01What a cap rate is — and how we compute it

Cap rate asks one question: if you paid cash for this asset, what yield does it throw off? It is unlevered by definition — no mortgage, no loan-to-value, no debt service. Just NOI over price.

# 1. canonical NOI — identical op-cost model to DSCR v3
op_cost = prop_tax_pct(state) + dp3_insurance_pct(state) + 0.50% maint reserve
noi = best_rent × 12 × 0.89 − home_value × op_cost

# 2. cap rate — NOI over value, no financing
cap_rate = noi ÷ home_value

Canonical NOI

Effective rent (best_rent × 12 × 0.89, an 11% vacancy / credit-loss haircut) minus three real operating costs: Tax Foundation per-state effective property tax, NAIC 2022 DP-3 landlord insurance, and a labeled 0.50% maintenance reserve assumption. This is the same NOI the DSCR v3 model uses — cap rate and DSCR share a numerator.

Unlevered — on purpose

No mortgage enters the cap rate. That is the point: it isolates the asset's return from the buyer's financing choice. Two investors with different loans see the same cap rate on the same building; they see different DSCRs. Cap rate is the property; DSCR is the deal.

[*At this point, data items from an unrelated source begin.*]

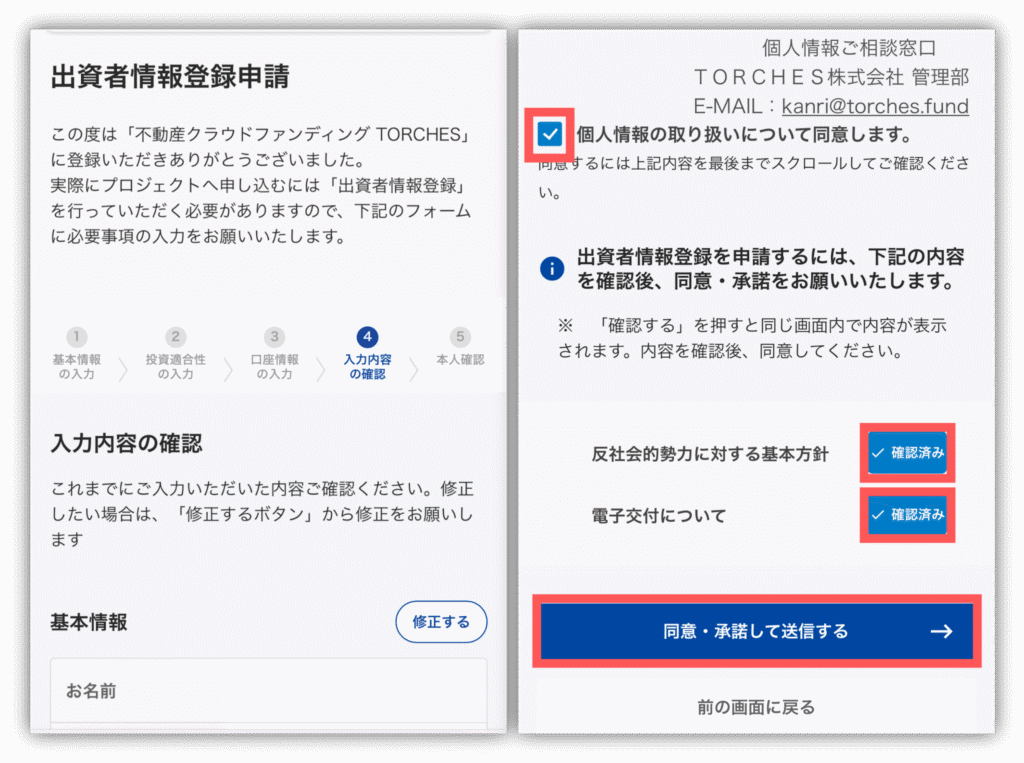 問題がなければ、2つの書類を確認し「同意・承諾して送信する」をタップします!
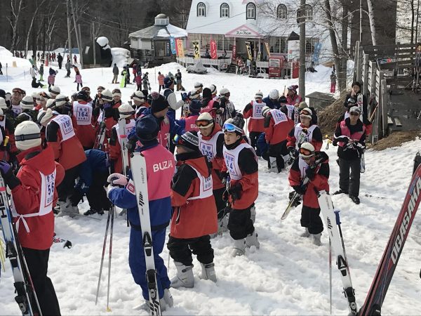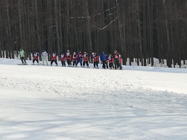 天候に恵まれて無事到着。14:30よりレッスンがスタートしました。初心者も早速スキー板を履いて奮闘しています。
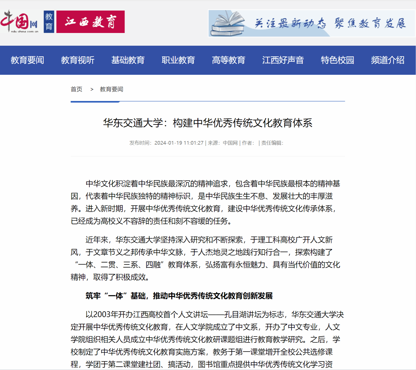 以2003年開辦江西高校首個人文講壇——孔目湖講壇為標志,華東交通大學決定開展中華優秀傳統文化教育,在人文學院成立了中文系,開辦了中文專業,人文學院組織相關人員成立中華優秀傳統文化教研課題組進行教育教學研究。之后,學校制定了中華優秀傳統文化教育實施方案,教務于第一課堂增開全校公共選修課程,學團于第二課堂建社團、搞活動,圖書館重點提供中華優秀傳統文化學習資源,且注重校內各部門之間的協同與配合,注重與校外相關組織機構的交流與合作,注重中華優秀傳統文化與思政、校園文化、紅色文化的結合,注重中華優秀傳統文化對中小學的影響。

02The national cap-rate distribution

Modeled cap rate across every scored ZIP, in 1-point buckets. The bulk of the country clusters in a low single-digit band — modern home values have outrun rents — with a long, thin high-cap-rate tail of distressed and rural markets.

03Highest implied cap rates

Metro-scale counties (≥8 scored ZIPs, >150k people) ranked by median cap rate. Fat cap rates concentrate in low-price markets: when home values are cheap relative to rent, the unlevered yield is high — and so, usually, is the perceived risk.

04Lowest implied cap rates

The other tail: expensive coastal and resort metros where home prices are driven by owner-occupier and second-home demand, not rent. A cap rate near zero — or negative — means modeled NOI barely covers, or fails to cover, the carrying costs.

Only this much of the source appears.